The stories were universally depressing, of the I knew it was time to end my marriage when he wouldn’t even come visit me in the hospital after my open heart surgery ilk.
As I read ‘The Moment I Knew’ stories, I wanted to ask each contributor: Are you sure you didn’t know before then? and If you realized it earlier, why didn’t you act on it?
I asked those questions because those are the questions I asked myself when I finally decided to file for divorce.
Common wisdom holds that marriage is hard work. This is true. Staying married requires a commitment to being together, a commitment that transcends any and all issues that may arise during the marriage.
Staying together no matter what issue may arise, is very serious business indeed.
But when it is ok to give up? When is it futile to fight and try and work hard to stay together? When is it necessary to cut one’s losses and move on?
Some, of course, would say never. That it’s never OK to give up on your marriage; never OK to back out; never OK to say, enough is enough, this thing is dead and rotting and it’s time for us to move on with our separate lives. That level of commitment is fine if both parties share it equally.
But if your commitment isn’t equal, and you feel like your fight is futile, then it may be time to reassess.
In my case, the moment I knew I had to get divorced came, like so many of the Huffington Post contributors, after a dramatic and tragic series of events. In sum, my ex-husband kicked in the front door after I’d locked him out during a particularly nasty argument. The sound of my daughter’s scream when he kicked open that metal door still reverberates in my ear. I called the police, which further enraged him. I retained a divorce lawyer the next day.
But really, I knew before that moment. I knew on my wedding day that it wasn’t going to work. I knew for certain on my wedding night, after the party was over and the guests were gone and we could go back to being uncivilized to each other.
I was nine months pregnant with my son on my wedding day, one week from delivering our second child. I’d insisted on getting married because I couldn’t stomach the thought of having another child out of wedlock. But I knew the whole time that he was the wrong man to marry. I’d known that during the five years we lived together before the marriage.
I knew I shouldn’t have married him when he punched me in the head in the hospital while I was in labor with our first child.
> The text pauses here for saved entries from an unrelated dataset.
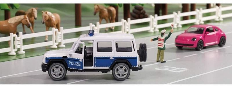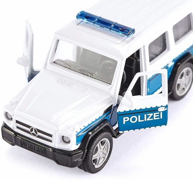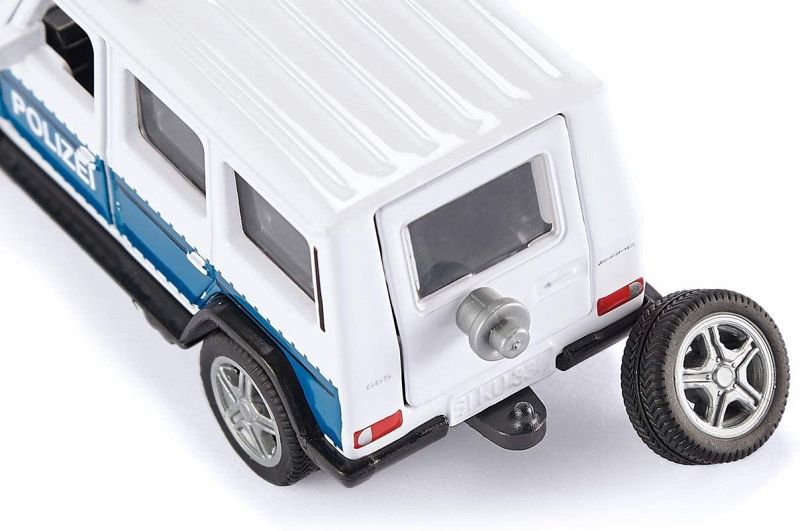 Detailliertes Spielzeugmodell eines Mercedes-AMG G65 Polizeiauto mit Anhängerkupplung zum Spielen und Sammeln - Robustes und stabiles Design, Anhängerkupplung, Abnehm- und austauschbare Räder, Öffenbare Türen, Heckklappe und Motorhaube - Langanhaltender Spielspaß durch unzählige Kombinationsmöglichkeiten innerhalb der SIKU Spielwelt, z. B. durch Kombination mit unterschiedlichen Reifen - Ideal als Geschenk für kleine und große Polizei-Fans geeignet, Perfekte Ergänzung zu SIKU Spielwelten - Lieferumfang: 1x SIKU 2308 Mercedes-AMG G 65 Polizeiauto, Maßstab: 1:50, Material: Metall/Kunststoff, Abmessungen: 12,1 x 4,3 x 4,2 cm, Gewicht: 0,126 kg, Farbe: Blau/Weiß, Serie: SIKU SUPER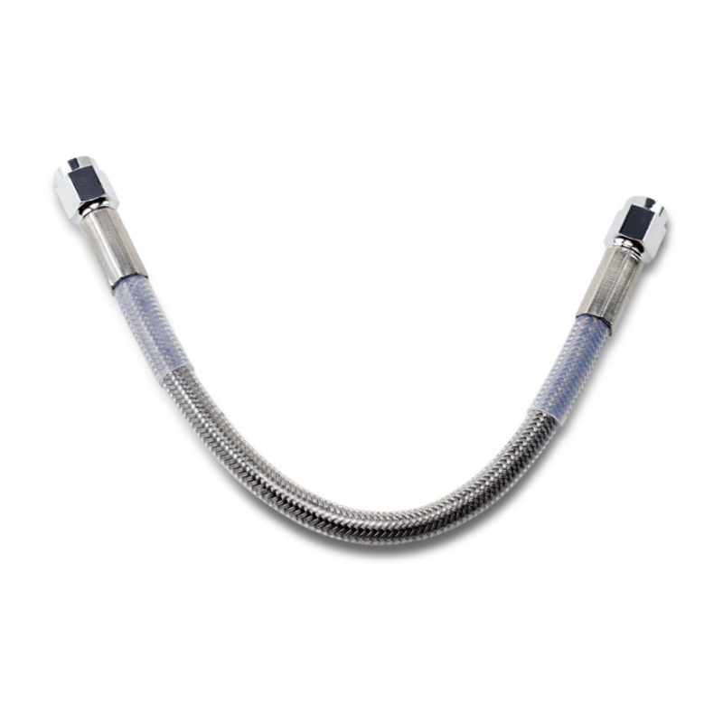 Universal Brake Line - Clear - 9" Top-quality clear vinyl-coated stainless steel/braided brake lineFeature chrome-plated AN-3 endsMade in the U.S.A.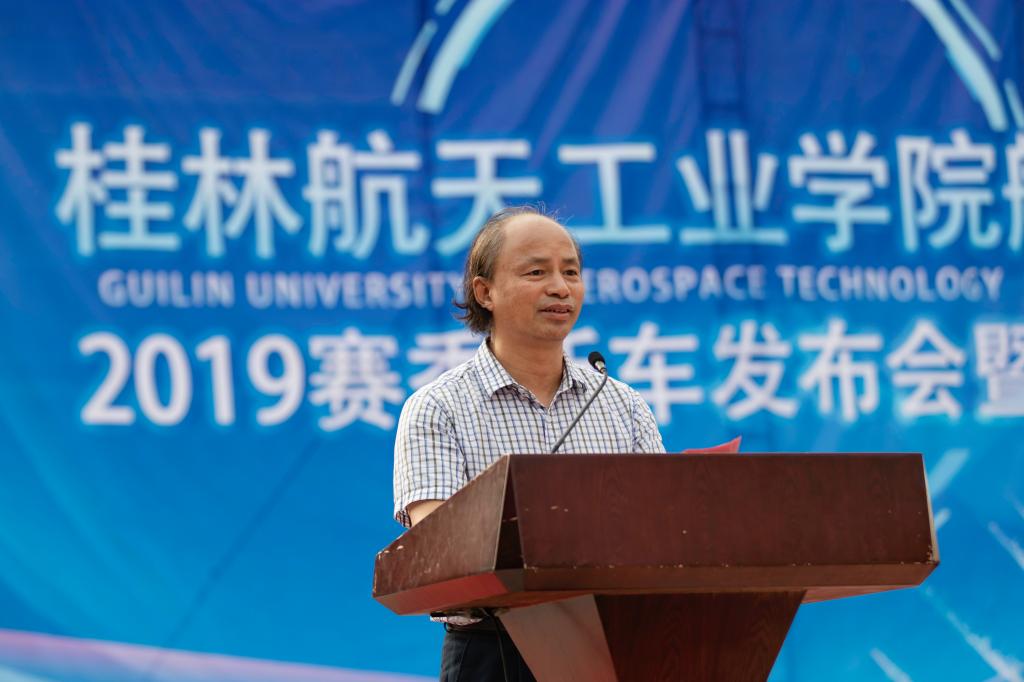 9月20日, 我校2019赛季新车发布会暨出征仪式正式举行,由在校师生自主设计、制造和调试的方程式赛车V-05号油车、航V-E03号电车崭新亮相。学校校长易忠、桂林市桂路通集团董事长程东、速才驾校总经理陈宁、学工处、校团委、教务处及各学院主要负责人出席发布会。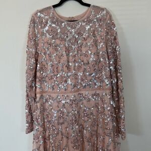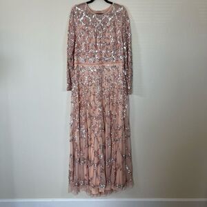 NWT Mac Duggal Embellished Illusion High Neck Long Sleeve A Line Blush Gown 16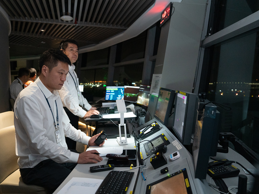 深圳空管站塔臺管制員指揮試飛飛機進行驗證飛行。董思文攝

I knew I shouldn’t have married him when he would leave me and our newborn daughter alone every weekend while he took my car to Philadelphia to get high. Even after he got clean, I knew nothing had materially changed.
But I was stuck with this image of myself as the type of woman who was not a baby mama. My internal compass told me the life I was living was inauthentic and immoral, even though correcting it meant marrying someone I believed to be a misogynistic bully. I was embarrassed to be a pregnant, unmarried black woman, facing the real and imagined stares of my partners at my conservative law firm. Despite my Harvard Law School degree and my post-law school accomplishments, I felt like just another ghetto stereotype.
So I went to a Christie’s auction, bought myself a three-carat diamond and platinum Harry Winston engagement ring and planned a small wedding. At our divorce trial, my ex told the judge I coerced him to get married. The judge was having none of it. He was a grown man I didn’t force him to do anything. If I forced anyone to get married, it was me. And the nearly three years we were married before we both simultaneously, as it ironically turned out filed for divorce just confirmed what I’d known all along.
The question I asked myself when I first spoke to my divorce lawyer, throughout the divorce and nearly every day of the seven years since then isn’t When did I know? but Why did I do that to myself and why didn’t I know I deserved so much more?